The high cost of lawfare
Actually there are much worse lawfare cases in the UK. Terrorist cannot be deported many times for fear of torture and most wind up staying in the UK on Welfare and getting a house thrown in too. The welfare payments are quite generous, around $100,000. If you think we have problems with ICE in this country, the UK makes them look like a model of efficiency.The British government has paid nearly $900,000 in legal fees on behalf of three associates of Osama bin Laden who have fended off attempts by the U.S. government to extradite them for a decade, according to documents obtained by The Washington Post.

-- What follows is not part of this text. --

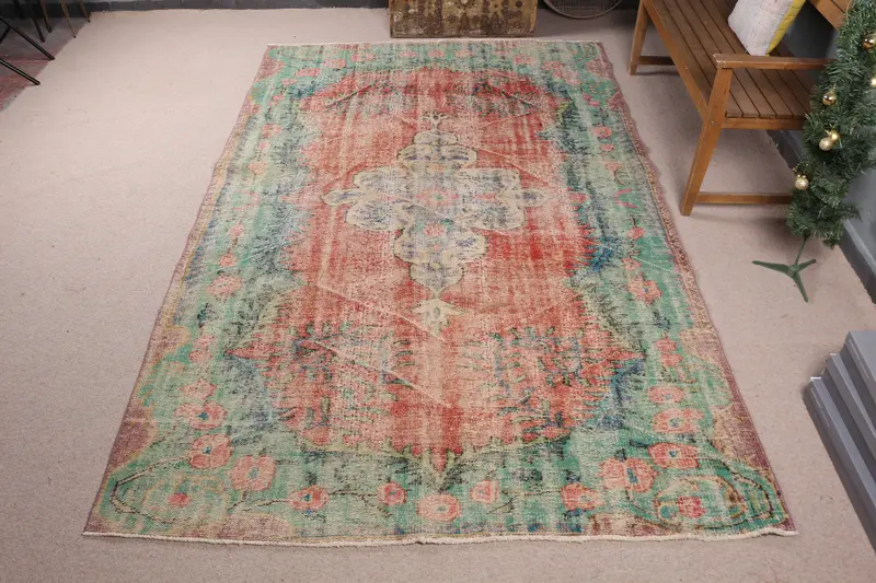 Yeşil Desenli Kırmızı Halı, 5,9x9,5 ft Zarif Dekor

The three al-Qaeda suspects were arrested in London shortly after the 1998 bombings of the U.S. embassies in Kenya and Tanzania, which killed more than 200 people. British authorities pledged to extradite them swiftly to the United States to stand trial for their alleged role in the attacks.
But the cases have plodded through the British bureaucracy with no end in sight, undermining transatlantic cooperation on counterterrorism and highlighting how easy it can be for international terrorism suspects to elude the reach of U.S. prosecutors.
The stalled extraditions have proved expensive for British taxpayers. In Britain, as in the United States, the government covers legal expenses for criminal defendants who cannot afford lawyers. Critics say the combination of free lawyers and a byzantine legal system enables al-Qaeda sympathizers in Britain to file frivolous appeals and avoid deportation or extradition.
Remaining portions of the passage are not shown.